• [Assignment]: What you produce should be an exact transcription of the data, minus any pictures.

*** Opening Raw data ***

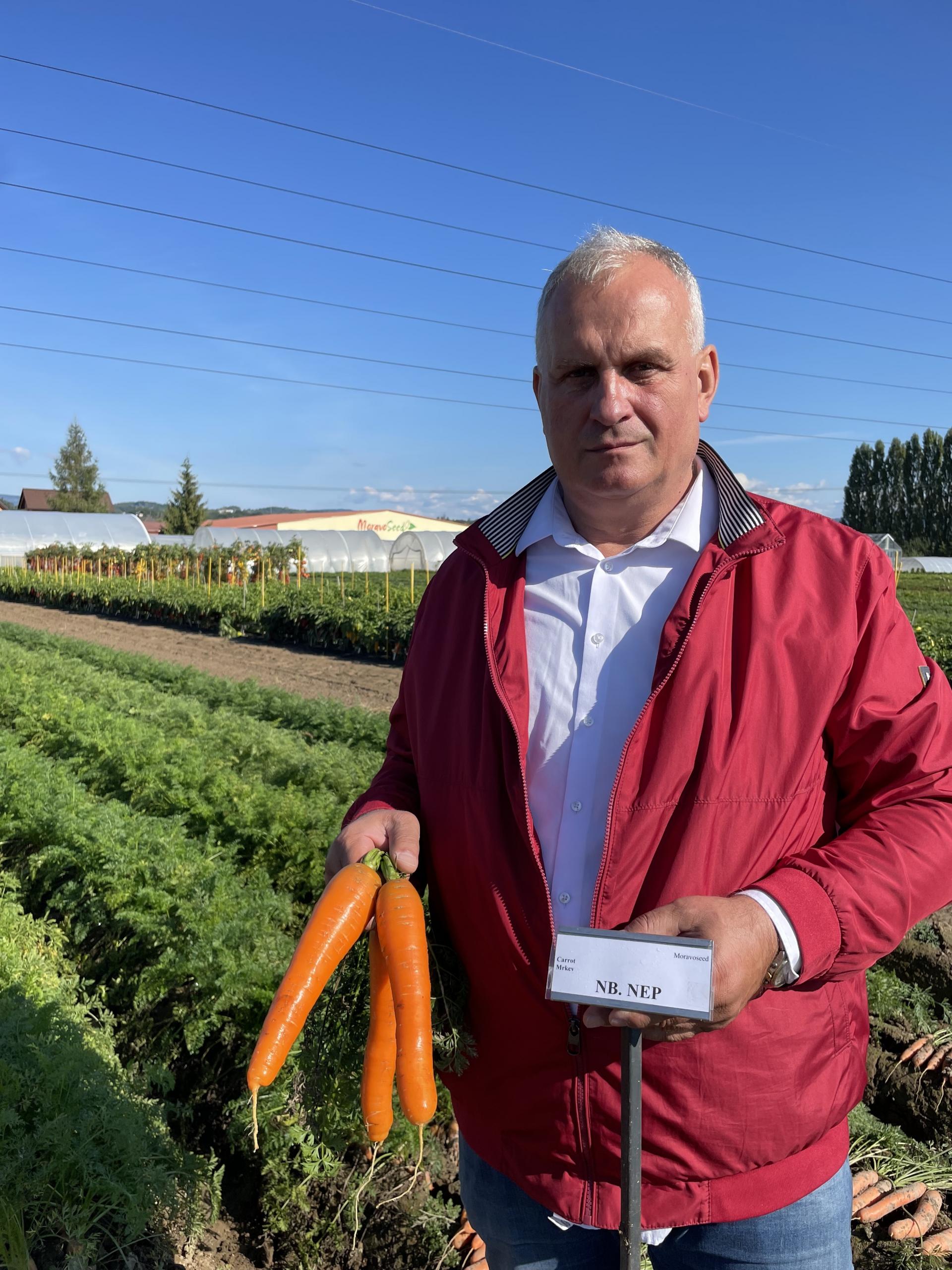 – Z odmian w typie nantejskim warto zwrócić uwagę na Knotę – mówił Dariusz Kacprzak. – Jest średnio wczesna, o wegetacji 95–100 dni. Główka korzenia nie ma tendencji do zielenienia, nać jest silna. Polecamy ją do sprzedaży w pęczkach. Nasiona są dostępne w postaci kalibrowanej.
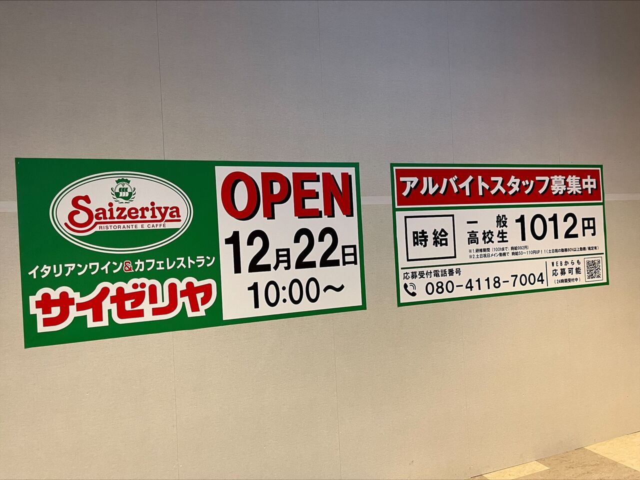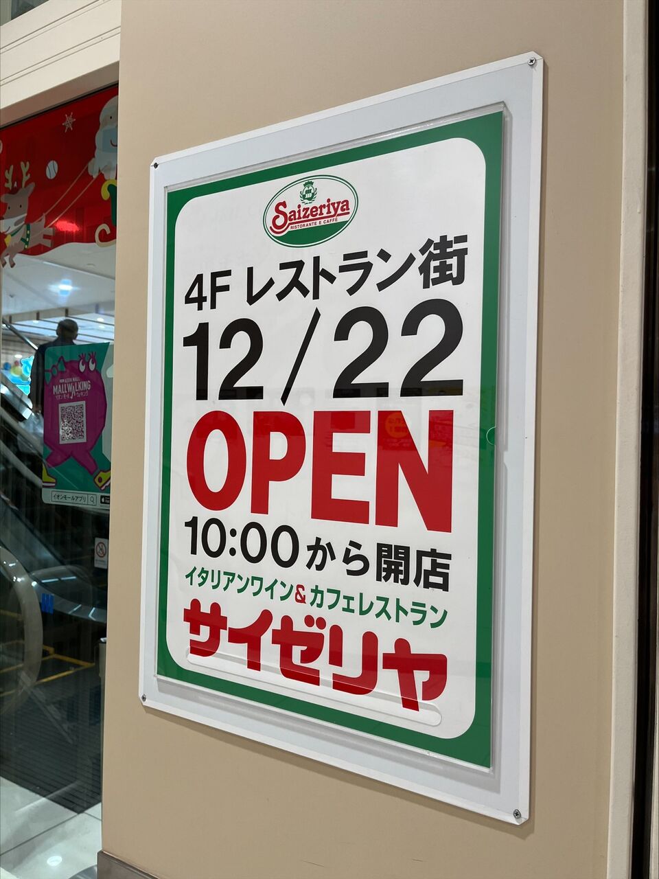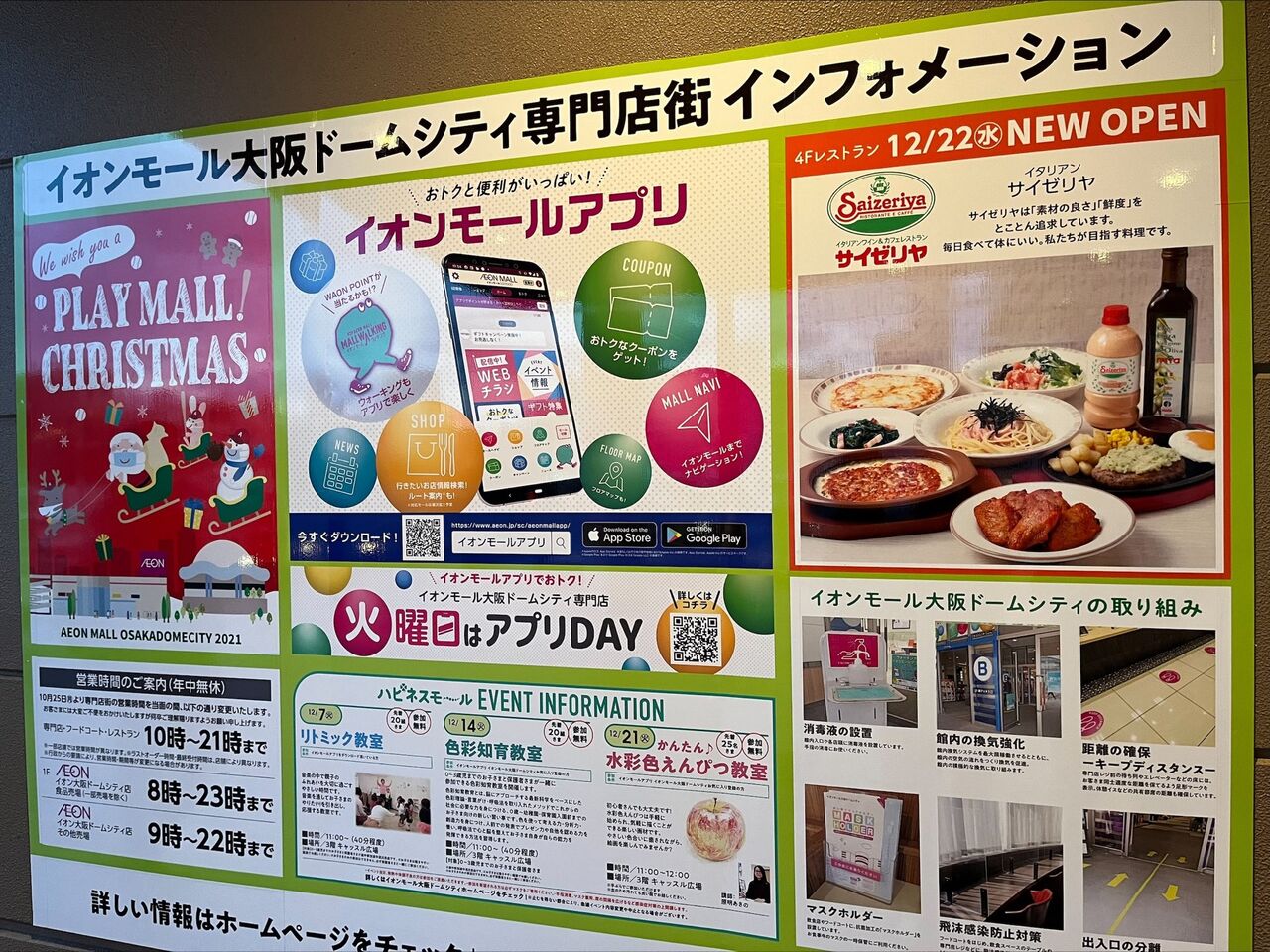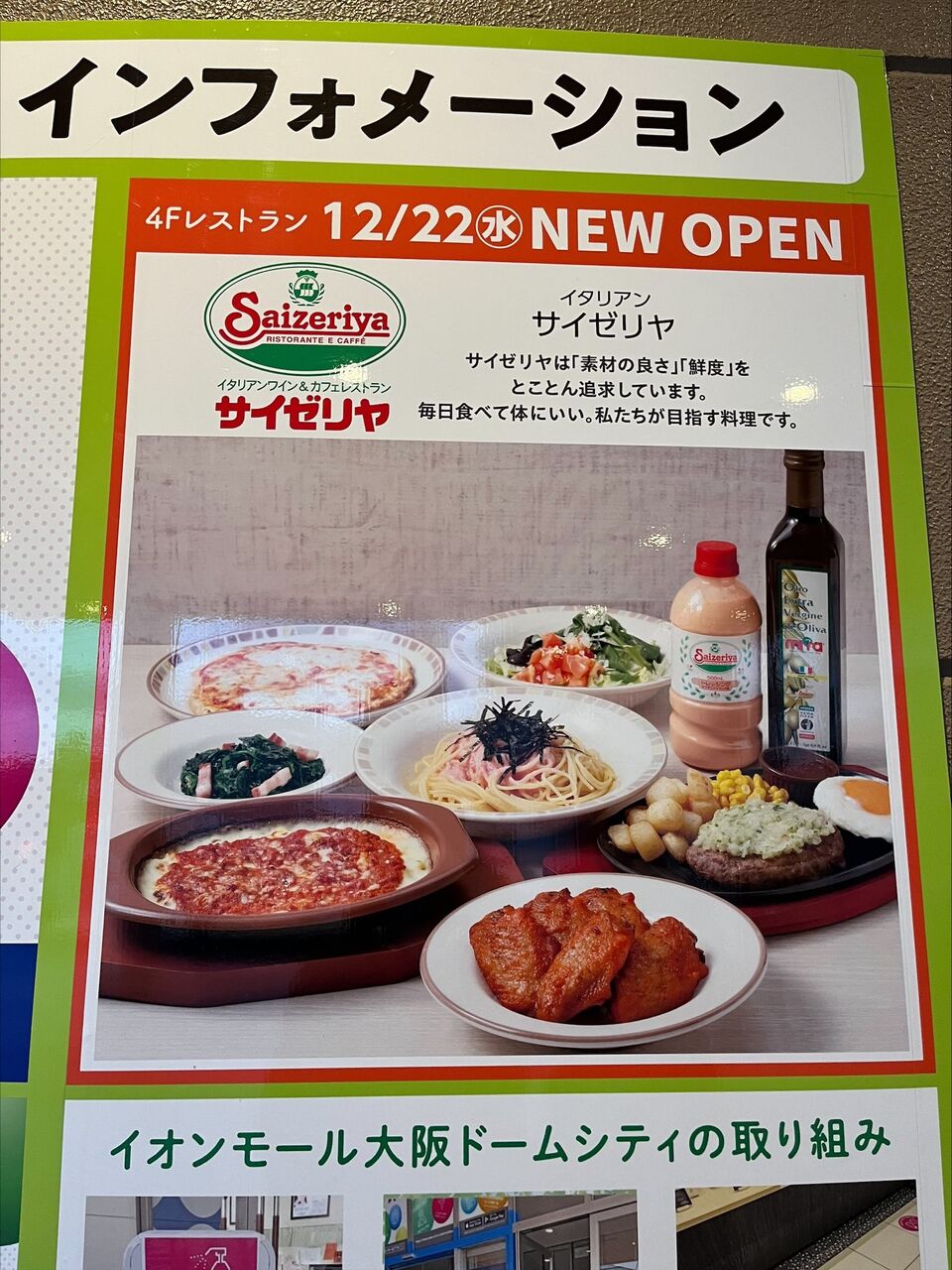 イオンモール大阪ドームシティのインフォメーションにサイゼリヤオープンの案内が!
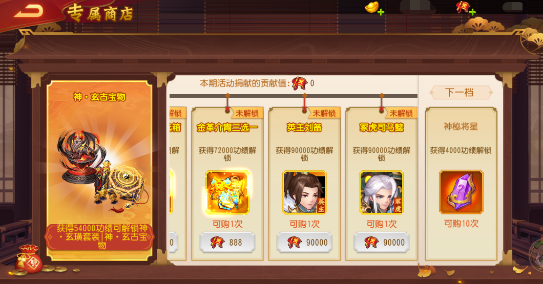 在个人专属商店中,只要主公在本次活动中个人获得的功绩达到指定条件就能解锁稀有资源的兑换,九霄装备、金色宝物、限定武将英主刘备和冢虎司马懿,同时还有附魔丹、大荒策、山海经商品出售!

*** Closing Raw data ***

• [Exercise response]:
 – Z odmian w typie nantejskim warto zwrócić uwagę na Knotę – mówił Dariusz Kacprzak. – Jest średnio wczesna, o wegetacji 95–100 dni. Główka korzenia nie ma tendencji do zielenienia, nać jest silna. Polecamy ją do sprzedaży w pęczkach. Nasiona są dostępne w postaci kalibrowanej.
 イオンモール大阪ドームシティのインフォメーションにサイゼリヤオープンの案内が!
 在个人专属商店中,只要主公在本次活动中个人获得的功绩达到指定条件就能解锁稀有资源的兑换,九霄装备、金色宝物、限定武将英主刘备和冢虎司马懿,同时还有附魔丹、大荒策、山海经商品出售!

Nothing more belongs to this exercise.